Granular ordered types:

"L-ORDERED-DOTTED"             # Decimal dotted (1., 2., 3.) - numId: 6
"L-ORDERED-PARA-NUM"           # Decimal parenthesis (1), 2), 3)) - numId: 7
"L-ORDERED-ROMAN-UPPER"        # Upper Roman (I., II., III.) - numId: 8
"L-ORDERED-ALPHA-UPPER"        # Upper Alpha (A., B., C.) - numId: 9
"L-ORDERED-ALPHA-LOWER-PAREN"  # Lower Alpha paren (a), b), c)) - numId: 10
"L-ORDERED-ALPHA-LOWER-DOT"    # Lower Alpha dot (a., b., c.) - numId: 11
"L-ORDERED-ROMAN-LOWER"        # Lower Roman (i., ii., iii.) - numId: 12

Example

{
  "type": "L-BULLET-SOLID",
  "style": {
    "list": {
      "format": "bullet",
      "numId": "1",
      "ilvl": "0"
    },
    "font": {
      "name": "Calibri",
      "size": 11
    },
    "paragraph": {
      "spacing_after": 60
    }
  }
}

Tables

T-ROW selects a line of plaintext containing text separated by pipes.

Example

Plaintext input:

col1 | col2 | col3
data1 | data2 | data3

Selector:

{
  "type": "T-ROW",
  "style": {
    "style_id": "TableRow",
    "font": {
      "name": "Calibri",
      "size": 10,
      "color": "000000"
    },
    "paragraph": {
      "alignment": "left",
      "spacing_after": 10,
      "borders": {
        "bottom": {
          "color": "D9D9D9",
          "size": 6,
          "style": "single"
        }
      }
    }
  }
}

Design Philosophy and Edge Cases

If used correctly, Glyph Forge can save hours, days, or even months of LLM to DOCX work with a single schema.

Philosophy

Think about the type of document you are working with and list out the elements the document will have. Does it have headings, paragraphs, tables, or lists? Create selectors for the types the document requires, then check for edge cases.

Edge Cases

Using the HTML/CSS analogy, sometimes you need to create custom elements when making a website. The same applies to LLM to DOCX automation. Your document may require custom regex selectors and/or exact matches in addition to the predefined heuristics.
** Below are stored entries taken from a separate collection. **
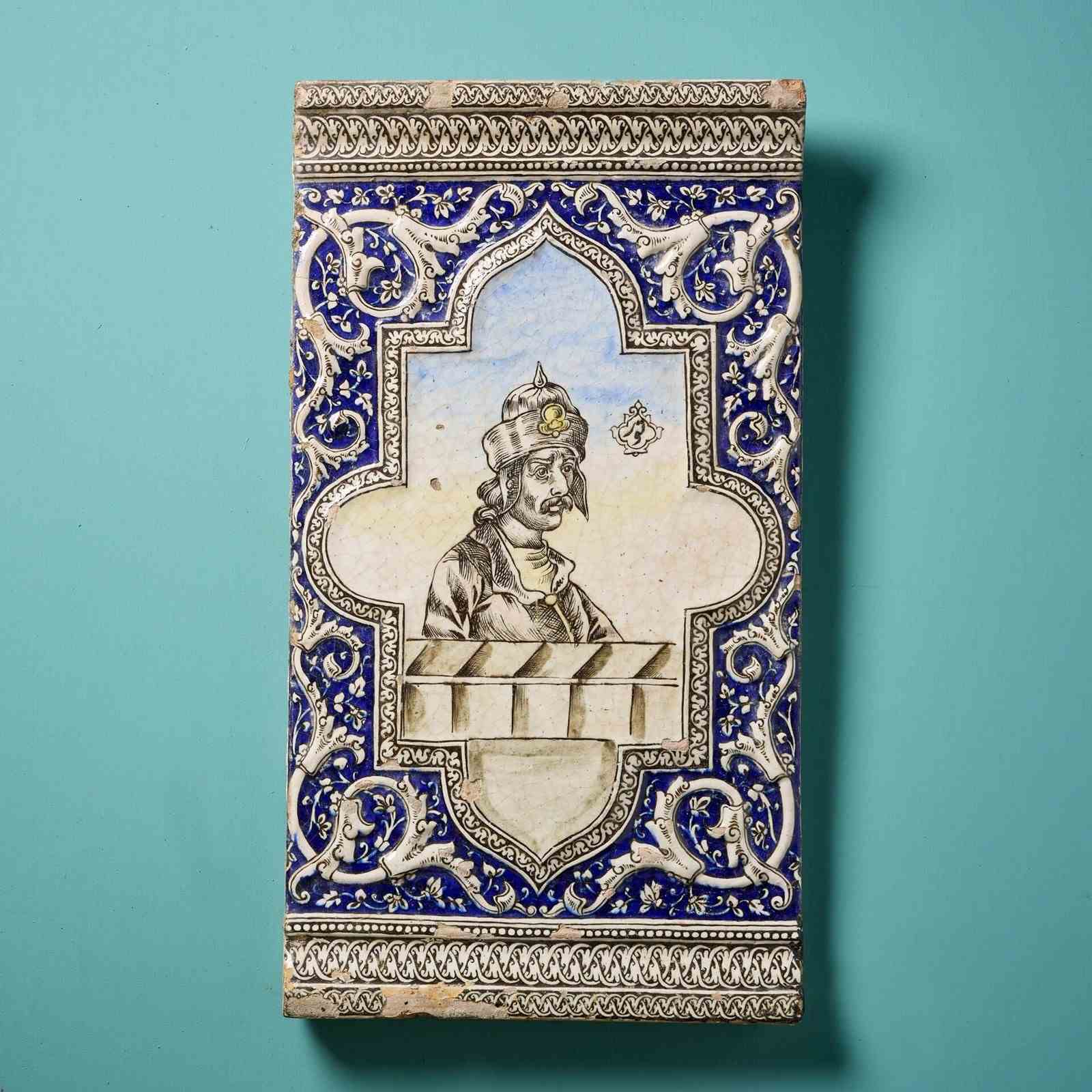In a large scale painted with a depiction of a Persian prince within a shaped cartouche flanked by scrolling foliage and vines.
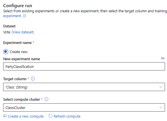 You need to provide the experiment name. In this classification problem, we need to configure the classification target column. In this example, Class is the target attribute. Please note that the class attribute indicates what is the party that each senator belongs to.
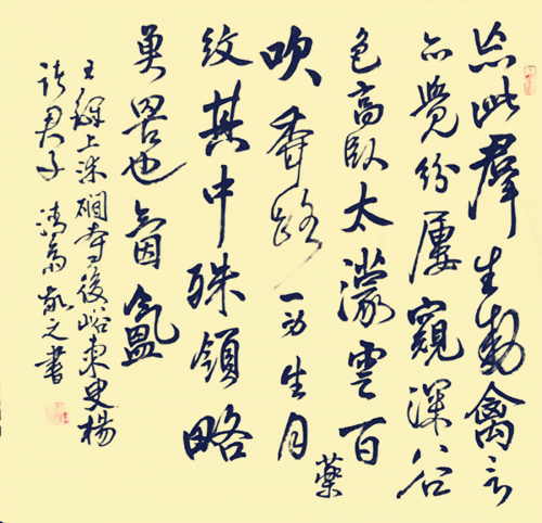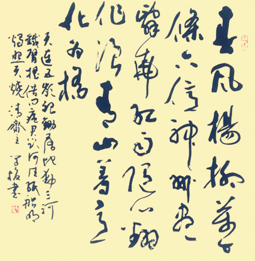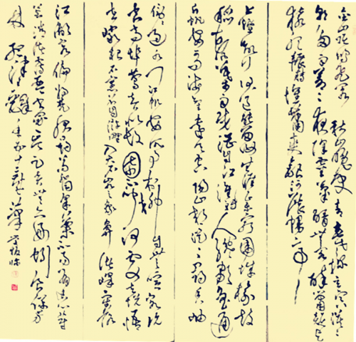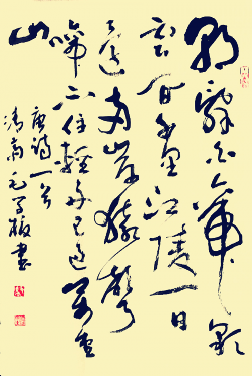 毛学校把草书、楷书、汉碑、汉隶、行草等字体集中变形,融汇于一体;同时结合大草的笔法使得作品连绵不断。其笔触,毫不拘泥概念化的规范,而是随手生发,或中或侧、或方或圆、或藏或露、或敛或纵,触处成形;其结体,则善于随形布势,或铺张排比、或敛聚收放、甚至依倚穿插,应心隐手。在具象与抽象中,展现出中国书画同源的艺术精髓;在山形云影、风帆飘动中,诠释着中国文字博大精深的象形表现力。这样的结合使文字变得有金石铁声,飘逸洒脱,大气磅礴、自然合道,宛若天成。而这种独特的书写风格,则促成并终而奠定了他在书坛坚不可摧的独立地位。
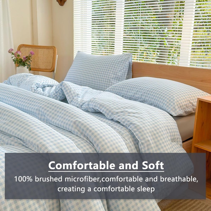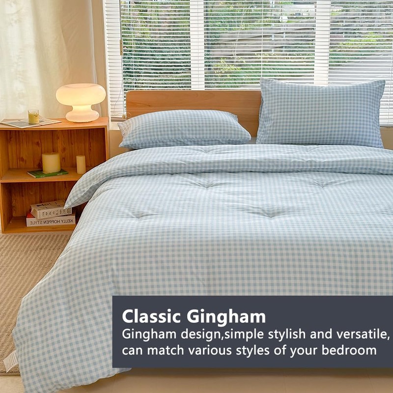 - Premium Quality: Crafted from high-quality materials, our blue gingham bedding comforter set offers superior comfort and durability. The soft and sumptuous fabric ensures a restful night's sleep, night after night.
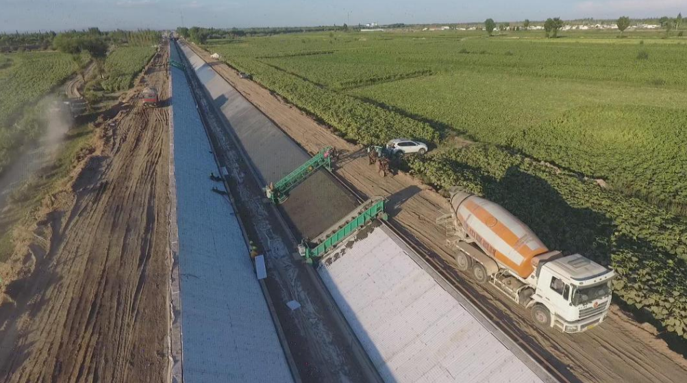 ▲防滲襯砌渠道工程現(xiàn)場(chǎng)
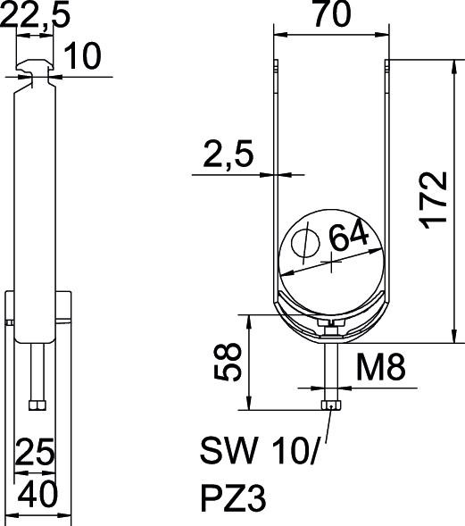 Kengyeles bilincs kalapácsfejes kivitel, polipropilén műanyag nyomóvályúval. Függőleges és vízszintes szereléshez 2 kábel részére C profilsínen. Résszélesség 16 - 17 mm. Egymenetes csavar a nyomóvályún, univerzális hatlapfejű csavarfej SW10/PZ3 kereszthoronnyal. Kültéri és beltéri szereléshez alkalmas. A kábeleket kettes nyomóvályúval el kell választani egymástól. Ellendarab használata ajánlott.
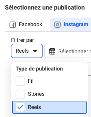Dans le cas où vous choisissez « Utiliser une publication existante », vous serez en mesure d’aller piocher parmi les contenus déjà postés sur votre compte Instagram, et dans notre cas, les Reels.
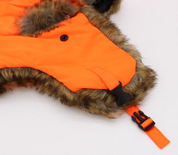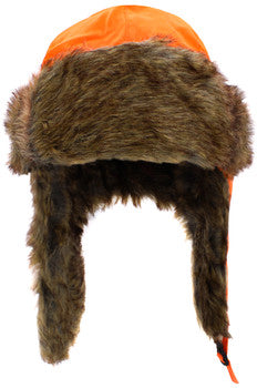 Neon Orange Trapper Hat. Plush faux fur lining. One size fits most.
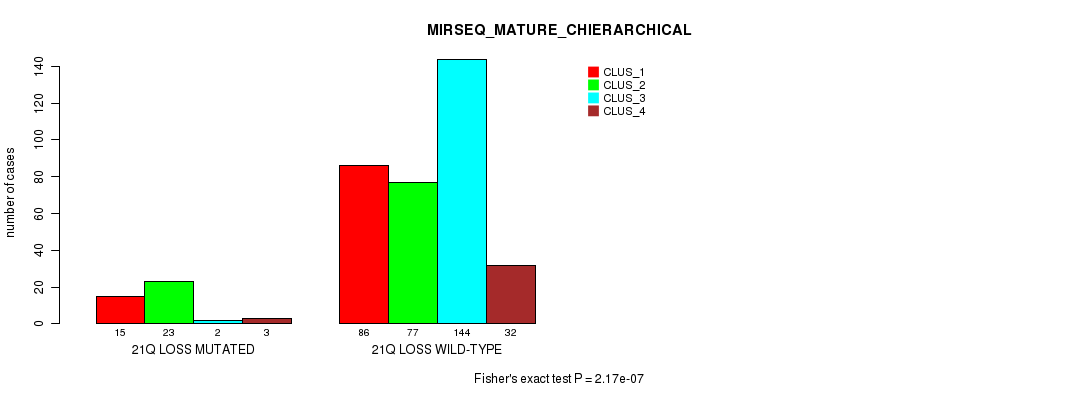 Figure S378. Get High-res Image Gene #78: '21q loss' versus Molecular Subtype #10: 'MIRSEQ_CHIERARCHICAL'
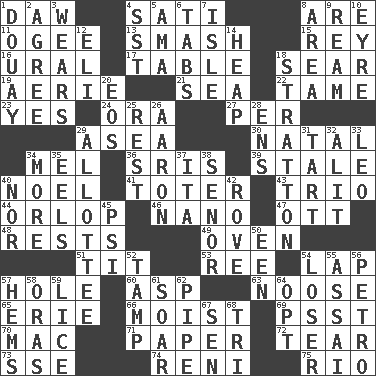 ACROSS 1. Simpleton 4. Suttee (variant) 8. "We ___ not amused" (Victoria) 11. Double curve, resembling the letter S 13. Box-office sellout 15. Marina Del _, California 16. Mountain range 17. Eating place 18. Scorch 19. Nest on high 21. Ocean 22. Not wild 23. Consenting reply 24. Mouth or opening 27. For each 29. At sea 30. Brizilian seaport 34. Cartoonist voice _ Blanc 36. Indian titles of respect 39. Lacking originality or spontaneity 40. Christmas carol 41. Carrier 43. Musical group of three 44. Fourth or lowest deck 46. Billionth: prefix 47. Baseball player Mel 48. Musical pauses 49. Baking chamber 51. Teat (slang) 53. To riddle 54. Pet locale 57. Opening into or through something 60. Cleo's killer 63. Trap for birds or small mammals 65. One of the Great Lakes 66. Wet 69. Inconspicuous attention getter 70. Big _ 71. Some stationery 72. Rend 73. Compass dir. 74. Painter Guido (1575-1642) 75. _ de Janeiro DOWN 1. A city in N France, SE of Calais 2. Match 3. Erodes 4. Fast jet (abbr.) 5. Nanny (var.) 6. Bar bills 7. Capri or Wight 8. Length times width 9. 480, 500 or 516 sheets of paper 10. Jane of fiction 12. Biblical high priest 14. Pile 18. Ski resort town in Vermont 20. Greek goddess of the dawn 25. Relief 26. Composer Copland 28. Followers of ems 29. One to whom something is allotted 31. Small pie 32. Set down 33. Lion 34. Greater amount 35. Snakelike fish 37. Call ___ day 38. Sir (Sp.) 40. And not 42. Be footloose 45. Air pressure measure (abbr.) 50. Car or cant ending 52. Pack (down) 54. Failure 55. Slender Brazilian palm 56. Stone: prefix 57. Folds over and sews together 58. Mouths or openings 59. Louse (plural) 61. Fly high 62. Corncob 64. Choose 67. Elected rep. 68. Three (prefix)
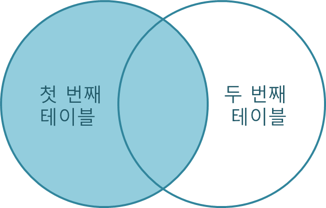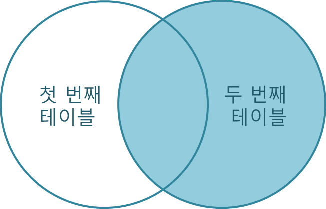 LEFT와 RIGHT JOIN은 기준이 되는 테이블 + 기준테이블 ∩(교집합) 다른테이블의 값을 보여주는데 글씨로 보면 이해가 잘 안되니 이번에도 벤다이어그램으로 보자
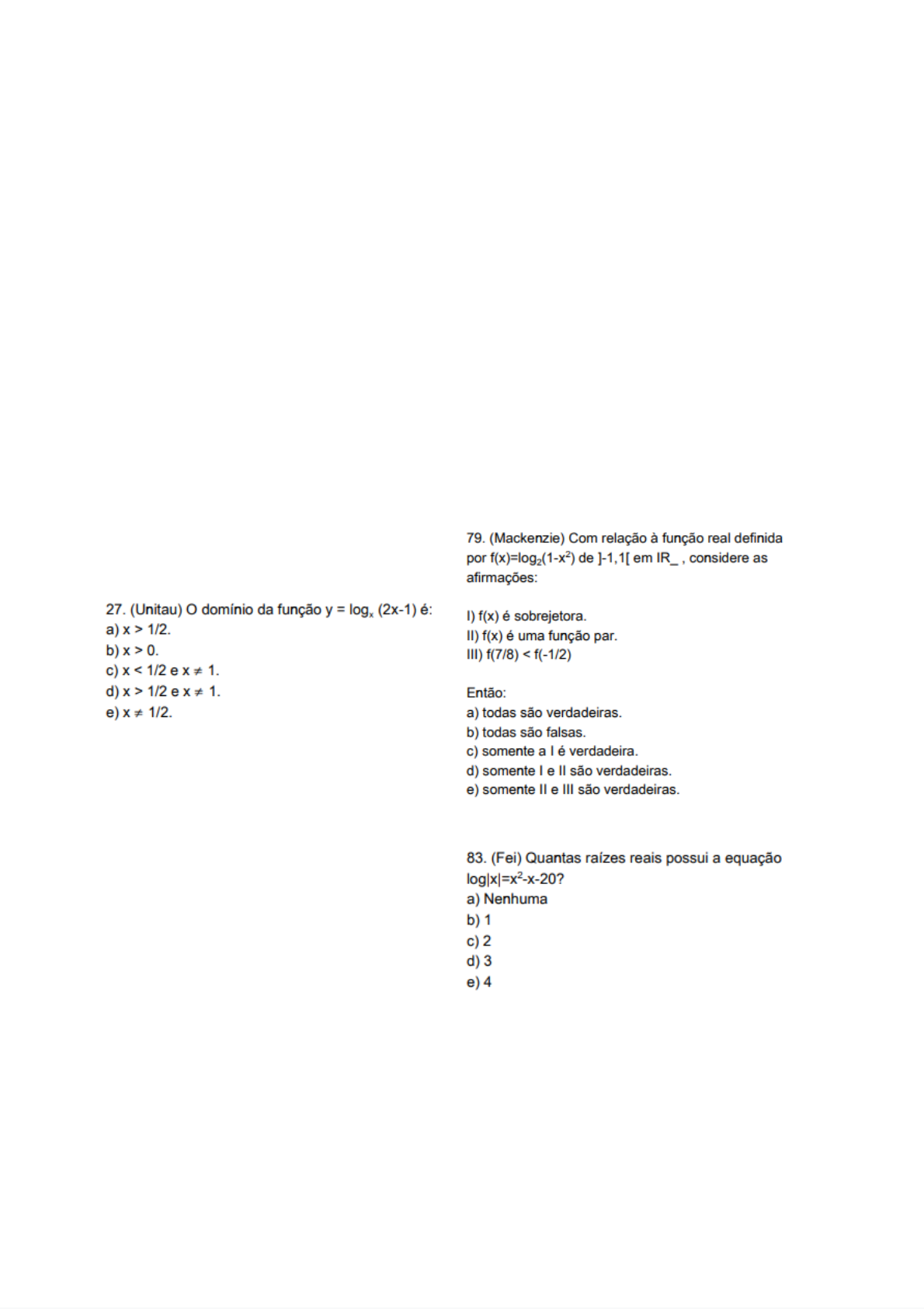 Logaritm�� Equaçõe�, funçõe� � inequaçõe� 1. (Pucsp) Em 1996, uma indústria iniciou a fabricação de 6000 unidades de certo produto e, desde então, sua produção tem crescido à taxa de 20% ao ano. Nessas condições, em que ano a produção foi igual ao triplo da de 1996? (Dados: log 2 = 0,30 e log 3 = 0,48) a) 1998 b) 1999 c) 2000 d) 2001 e) 2002 2. 3. (Fei) Se log 2 = a e log 3 = b, escrevendo log 32/27 em função de a e b obtemos: a) 2a + b b) 2a - b c) 2ab d) 2a/b e) 5a - 3b 4. (Uel) Supondo que exista, o logaritmo de a na base b é a) o número ao qual se eleva a para se obter b. b) o número ao qual se eleva b para se obter a. c) a potência de base b e expoente a. d) a potência de base a e expoente b. e) a potência de base 10 e expoente a. 5. (Ufmg) Os valores de x que satisfazem a equação logₓ (ax + b) = 2 são 2 e 3. Nessas condições, os respectivos valores de a e b são a) 4 e - 4 b) 1 e - 3 c) - 3 e 1 d) 5 e - 6 e) - 5 e 6 6. (Uel) A soma das características dos logaritmos decimais dados por log 3,2; log 158 e log 0,8 é igual a a) -1 b) 0 c) 1 d) 3 e) 5 7. 8. 9. (Ufrs) Dada a expressão S = log 0,001 + log 100, o valor de S é: a) -3 b) -2 c) -1 d) 0 e) 1 10. 11. 12. (Mackenzie) A partir dos valores de A e B mostrados na figura adiante, podemos concluir que: a) A = B/3 b) A = B c) B = A/3 d) A/3 = B/5 e) A/5 = B/3 13. 14. (Fuvest) A figura a seguir mostra o gráfico da função logaritmo na base b. O valor de b é: a) 1/4. b) 2. c) 3. d) 4. e) 10. 15. Um jardineiro cultiva plantas ornamentais e as coloca à venda quando estas atingem 30 centímetros de altura. Esse jardineiro estudou o crescimento de suas plantas, em função do tempo, e deduziu uma fórmula que calcula a altura em função do tempo, a partir do momento em que a planta brota do solo até o momento em que ela atinge sua altura máxima de 40 centímetros. A fórmula é h = 5·log 2 ( t + 1), em que t é o tempo contado em dia e h , a altura da planta em centímetro. A partir do momento em que uma dessas plantas é colocada à venda, em quanto tempo, em dia, ela alcançará sua altura máxima? a) 63 b)96 c)128 d)192 e)255 16.Com o avanço em ciência da computação, estamos próximos do momento em que o número de transistores no processador de um computador pessoal será da mesma ordem de grandeza que o número de neurônios em um cérebro humano, que é da ordem de 100 bilhões. Uma das grandezas determinantes para o desempenho de um processador é a densidade de transistores, que é o número de transistores por centímetro quadrado. Em 1986, uma empresa fabricava um processador contendo 100 000 transistores distribuídos em 0,25 cm 2 de área. Desde então, o número de transistores por centímetro quadrado que se pode colocar em um processador dobra a cada dois anos (Lei de Moore). Disponível em: www.pocket-lint.com. Acesso em: 1 dez. 2017 (adaptado). Considere 0,30 como aproximação para log 10 2. Em que ano a empresa atingiu ou atingirá a densidade de 100 bilhões de transistores? A) 1999 B) 2002 C) 2022 D) 2026 E) 2146 17) Admita que um tipo de eucalipto tenha expectativa de crescimento exponencial, nos primeiros anos após seu plantio, modelado pela função y(t) = a t -1 , na qual y representa a altura da planta em metro, t é considerado em ano, e a é uma constante maior que 1 . O gráfico representa a função y . Admita ainda que y (0) fornece a altura da muda quando plantada, e deseja-se cortar os eucaliptos quando as mudas crescerem 7,5 m após o plantio. O tempo entre a plantação e o corte, em ano, é igual a A) 3. B) 4. C) 6 . D) log 2 7. E) log 2 15. 18)Uma liga metálica sai do forno a uma temperatura de 3 000 °C e diminui 1% de sua temperatura a cada 30 min. Use 0,477 como aproximação para log 10 (3) e 1,041 como aproximação para log 10 (11). O tempo decorrido, em hora, até que a liga atinja 30 °C é mais próximo de A) 22. B) 50. C) 100. D) 200. E) 400. 1. E 2.D 3.E 4.B 5.D 6.C 7.A 8.E 9.C 10.C 11.D 12.C 13.D 14.D 15.C 16.B 17.D 18.E
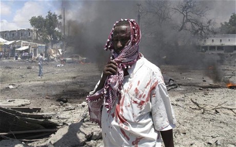 索马里首都摩加迪沙政府大楼发生爆炸,图为一名受伤的人站在爆炸现场。
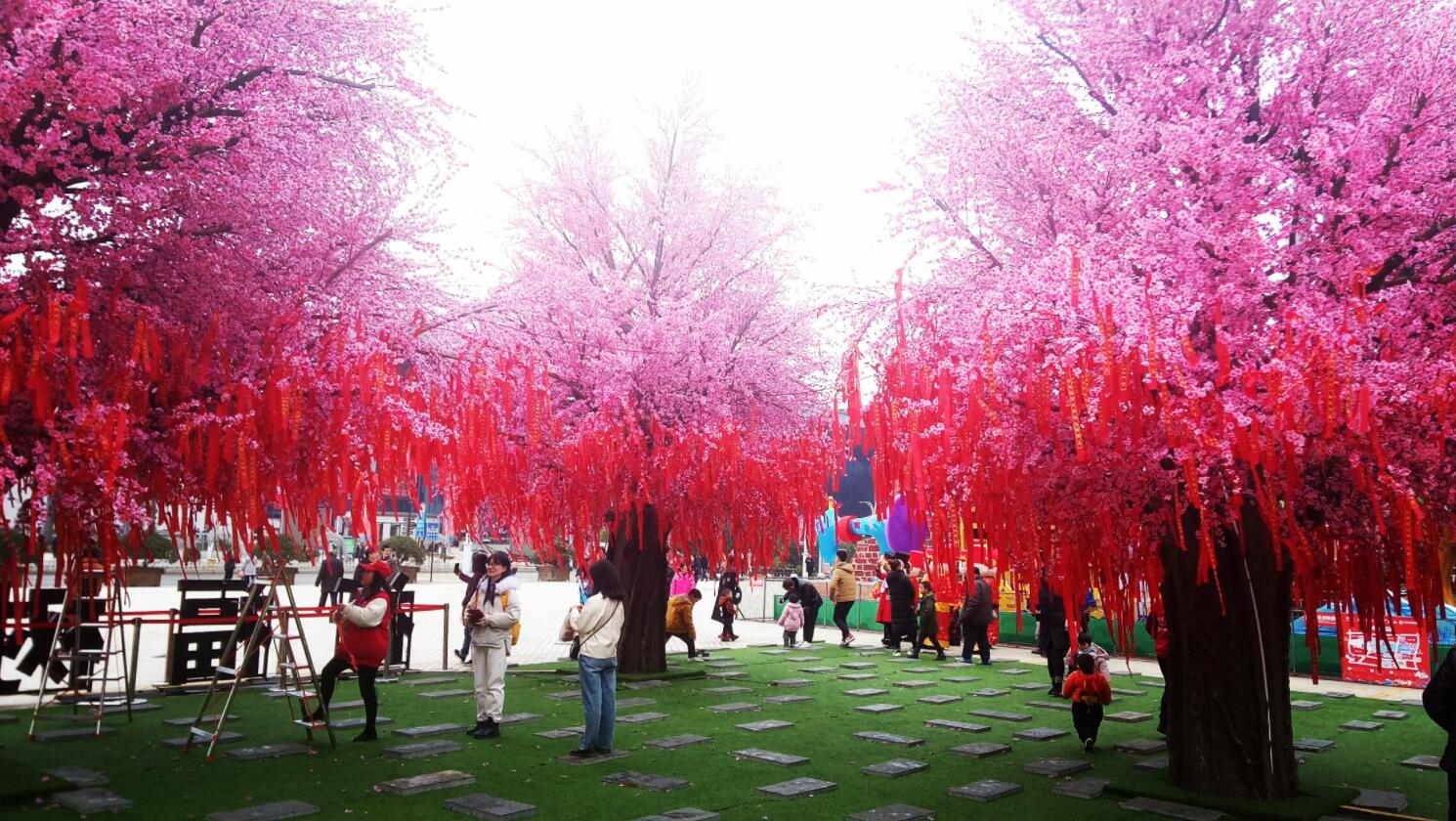 逛廟市猜燈迷是保留項目,今年的猜燈迷有所不同,互動體驗感讓遊客紛紛拿出手機掃紅燈籠旁的這個小福牌(許願牌),原來上面有一個二維碼,掃碼後進入一個公眾號,在30秒的時間內答完一定數量的題目,就可以到工作人員處領取一份小禮物了。
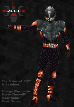 In the center of the city, Kamen Rider Hunter stands in the mist of dozens of dead bodies, severely wounded. Half of his Helmet is broken revealing his face under it, the right side of his chest that allows him to use Gaia Discs is torn, the armor on his right leg is trashed and a giant tooth like weapon is stabbed into his left shoulder leaving it bleeding and paralyzed.
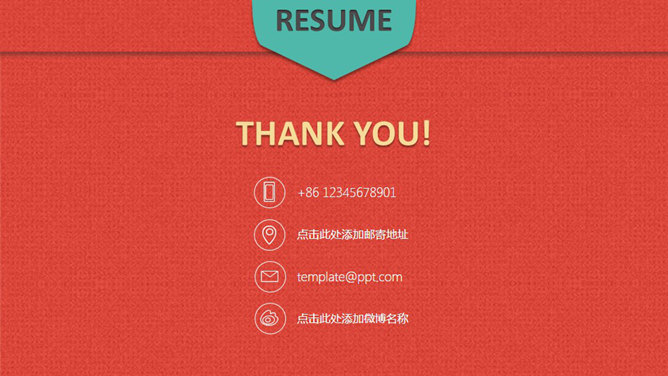 一份适合女生使用的个人简历PPT模板,暖暖的红色毛线纹理背景,微立体风格,漂亮的动态播放,简约时尚。

Exact Matching and Custom Regex

Routing Priority

The pattern matching engine follows this priority order:

┌─────────────────────────────────────────┐
│  1. EXACT MATCHER                       │  ← Highest priority
│     Match exact strings from domain     │
├─────────────────────────────────────────┤
│  2. HEURISTIC CLASSIFIERS               │
│     • Heading (H-) Detector             │
│     • List (L-) Detector                │
│     • Paragraph (P-) Detector           │
│     • Table (T-) Detector               │
├─────────────────────────────────────────┤
│  3. REGEX MATCHER                       │  ← Fallback
│     Pattern-based normalization         │
└─────────────────────────────────────────┘

Exact Match

When to use: You want to select an exact string such as a company name, warning label, or sequence of chapter/section titles.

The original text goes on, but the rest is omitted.